Interpretation of contracts under English law

    This guide summarises the general approach taken by the English courts to contractual interpretation. It considers the legal rules and key principles of interpretation, including the general approach to construing express terms and the tools of construction that the courts have at their disposal to assist them in reaching the correct outcome between the parties.It also looks at the extent to which terms can be implied into a contract, and concludes with a flowchart setting out how the courts will approach questions of interpretation and implied terms.

    Legal rules of contractual interpretation

    General rules of interpretation

    The starting point for the court is to identify the intention of the contracting parties. This is an objective test; the court is concerned to identify the intention of the parties by reference to "what a reasonable person having all the background knowledge which would have been available to the parties would have understood them to be using the language in the contract to mean".2

    In ascertaining the objective meaning of a contractual provision, the courts will look to both the language of the clause and the commercial context in which it was drafted.3 The following considerations will be relevant to the court's analysis: 

    • The natural and ordinary meaning of the clause.

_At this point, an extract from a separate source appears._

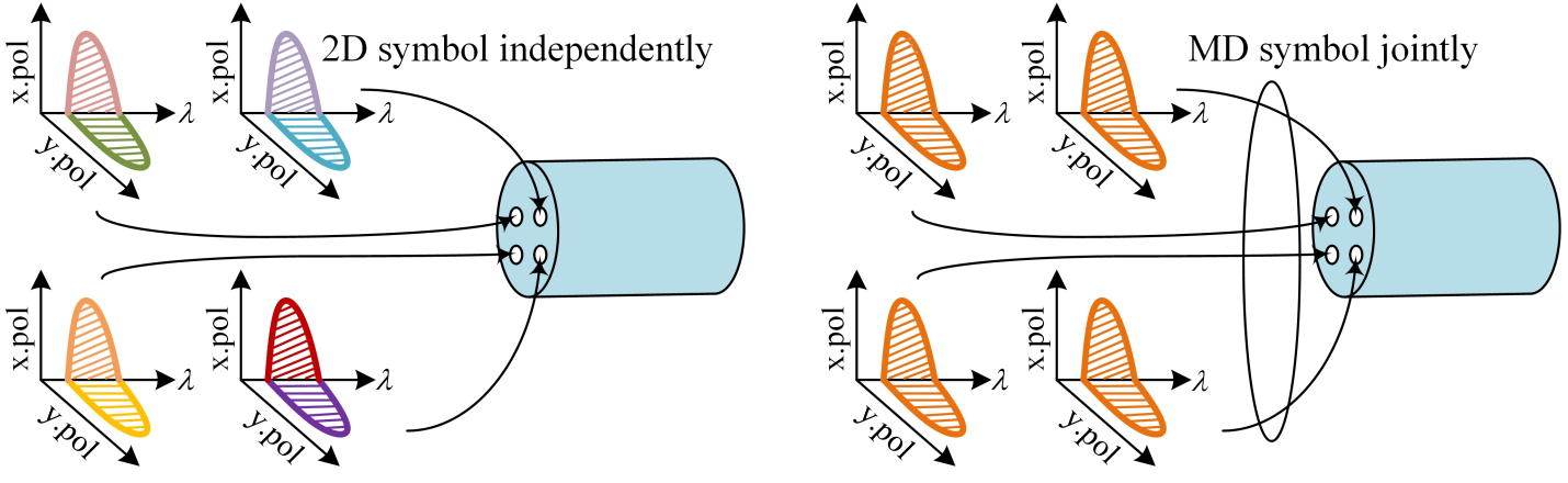 图1:四芯光纤传输系统中传统二维调制和多维调制对比示意图

The courts "do not easily accept that people have made linguistic mistakes, particularly in formal documents".4 However, the worse the drafting of a particular clause, the more readily a court will depart from its natural meaning.5
    • Any other relevant provisions of the contract.
    • The overall purpose of the clause and the contract.
    • The facts and circumstances known or assumed by the parties at the time the contract was executed.
    • Commercial common sense.

    The extent to which each is used will vary according to the circumstances. Greater emphasis is likely to be given to textual analysis where the dispute concerns complex agreements agreed between sophisticated parties and drafted with the assistance of skilled professionals. Conversely, commercial context will play more of a role where the agreement is more informal, or lacking in detail. However, there are always exceptions and every case will be decided on its own facts.6

    The court will not take into account any subjective evidence of either party's intentions or their prior negotiations. 

    Common terms and phrases

    Some words and phrases have come to acquire an accepted legal sense through decided cases. Good examples of this are phrases such as "good faith", "best endeavours" or "reasonable endeavours".7

    What about special or technical meanings?

    The court first looks at the natural and ordinary meaning of words as they are popularly understood but if the context clearly requires a special or peculiar interpretation, the court will accept that special meaning. Technical or scientific words are usually given their technical or scientific meanings unless the context indicates otherwise.8

    Commercial common sense

    The courts will take into account commercial common sense when interpreting a contract. In recent years there has been a shift in emphasis in the importance of commercial common sense when interpreting contractual terms. However, the Supreme Court has now made it clear that the starting point is the natural meaning of the language used; commercial common sense cannot be relied on to undervalue the importance of the language of the provision which is to be construed. Courts will be slow to reject the meaning of a provision simply because one of the parties made a bad bargain; it is not the court's task to improve the positions of the parties by re-writing the contract.9 However, where there is ambiguity and more than one possible construction, the court will select the interpretation that makes the most commercial sense, the presumption being that the parties would not have intended an uncommercial result.10

    Canons of construction

    The English court sometimes employs certain "canons of construction" or "rules of thumb" in an attempt to do justice between the parties. However, these principles are just pointers and the court will only resort to applying them if the meaning cannot be found using the general rules of interpretation outlined above.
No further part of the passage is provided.